Of course I still am a bit apprehensive because not everything goes as planned. You will still have those students that take advantage of this or they will use the phones inappropriately. This is just like anything in our schools. Sherrie mentioned how the camera’s can be used in a negative way. This was also a concern of mine. Like I mentioned previously, I don’t have much experience with my students having access to a cell phone. However, now that I am working in middle years we have had a few students bring their phone to school. They are not supposed to have them in the classroom or outside at lunch or recess. Of course they do not listen all the time. On multiple occassions we have had students making a Tik Tok or taking a snapchat of other students or even of the teacher while they are teaching and without their permission. This concerns me. I feel this may be one of the reasons I was not in favour of phones in the classroom. They can easily be made to make fun of peers.

At the end of the debate I felt my mind had shifted. I am still a little apprenhensive of phones in an elementary classroom. However, I do see some of the advantages to allowing them in the classroom. Guidelines need to be in place and a level of cooperation from both the teacher and the students is required to make it successful. I do know that I like to have my phone on my desk in case daycare calls or even to use for teaching purposes. I try and model self-control and avoid using it for personal reasons. Like Skyler and Alyssa said….. Don’t make a BAN…have a PLAN!

5 thoughts on “ED. Tech Debate #5

  1. Jill McLeod

    You have some great insights from that debate Jocelyn. Something that sticks with me from a personal experience as a student connects to your comment about schools requiring students to use their cell phones for instructional purposes. When I was in grade 6, we were asked to pay $5 for our school agendas. We were not allowed to use another agenda. I remember my mom saying that if the school expects us to use something they should provide it at no extra cost. Cell phones are not on the school supply list and schools do provide the necessary tech. Additionally, a parent might not want their child downloading all these extra apps, or using their phone to access different websites when a parent is paying for the phone plan. And to further agree with your digital divide point, many students have hand-me down phones that are older models and may not have space to download, or have current enough operating systems to use them in the way that the teacher wants. I like that you pointed out the idea of having guidelines in place to use cell phones. This would be a good way to balance using school tech, and incorporating cell phone use when needed.

    Liked by 1 person

    1. I remember a similar comment made by my mom. That is a good point about parents not wanting their children using a phone and all those apps. I never really thought of that. Buying and paying for the phone may not be the only reason parents do not provide their child with one. That also got me thinking. With the increasing use of technology in our schools, think how different it must be teaching at schools that are part of a colony. Lots to think about. Thanks for the great reply.

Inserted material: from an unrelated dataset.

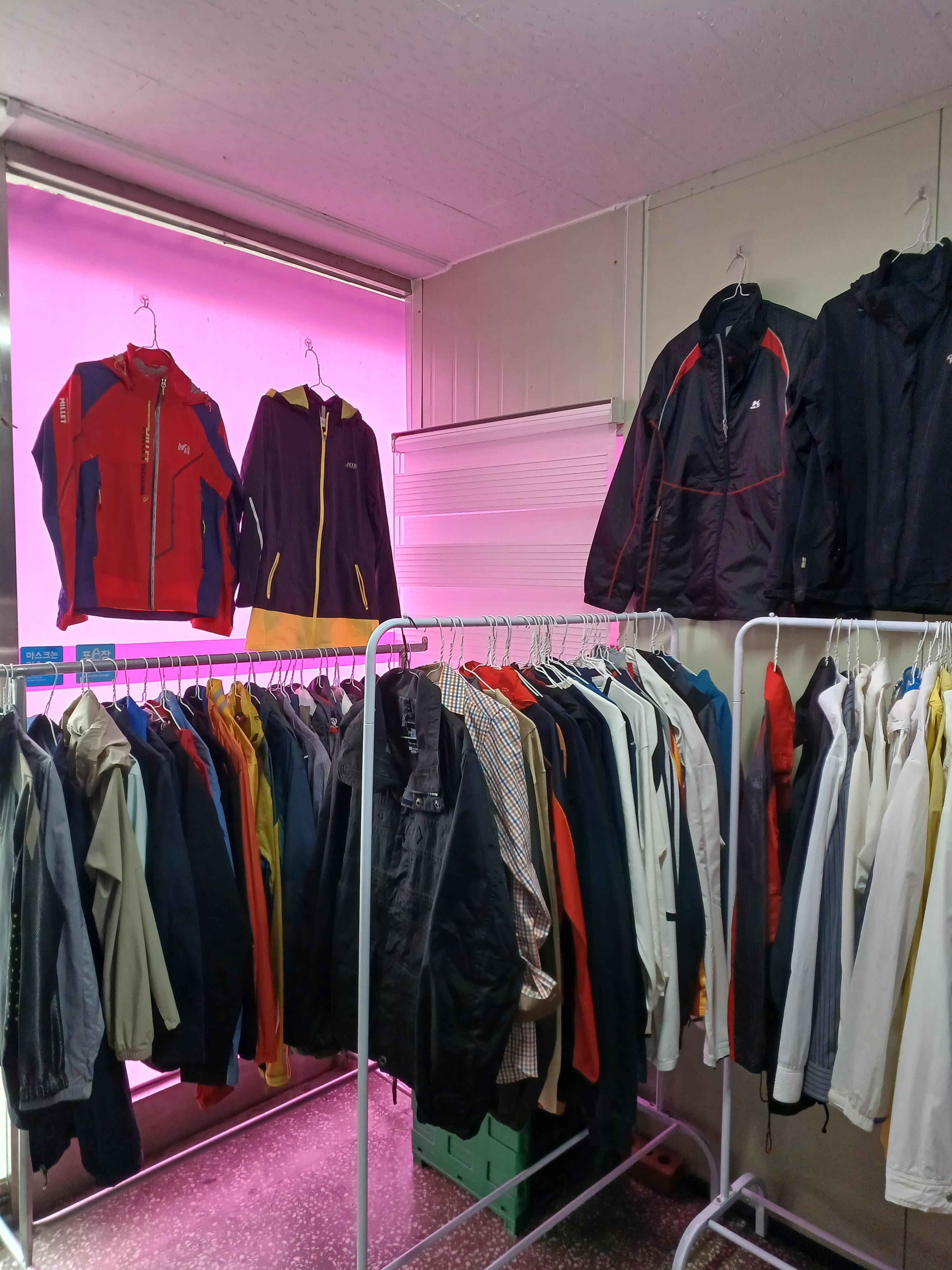 특히 상태 좋은 등산 자켓이나 바람막이, 캐주얼한 체크 셔츠 등은 활동적인 남성분들에게 큰 인기를 끌 것 같았습니다. 자세히 살펴보니 유명 아웃도어 브랜드의 제품들도 간간이 보였어요. 합리적인 가격에 고기능성 아우터 를 '득템'할 수 있는 절호의 기회입니다.

  2. I appreciate the fact that these debates are challenging us in many ways. You make many interesting points and I also appreciate you perspective from younger grades. My own kids really didn’t have access to their own smart phone until about grade 7 (now almost done high school) and it looks like the entry point continues to get lower. Having a plan is super important and if we can help them self regulate at a longer age with these devices it might become more of the norm rather than the exception. Do you think this too?


    1. I didn’t get my first cell phone until University and that was only because I was on the road every weekend with sports. So for kids to be getting them in elementary school now makes me wonder at what age will it be “normal” for kids to get a cellphone by the time my daughter enters school. Great question! I hope it doesn’t get too young. I see the reasons for getting a young child one but I hope it isn’t too soon. Whenever my kids do get a phone I hope I can teach them to use self-regulation and moderation of use. Thanks for challenging my thinking with that!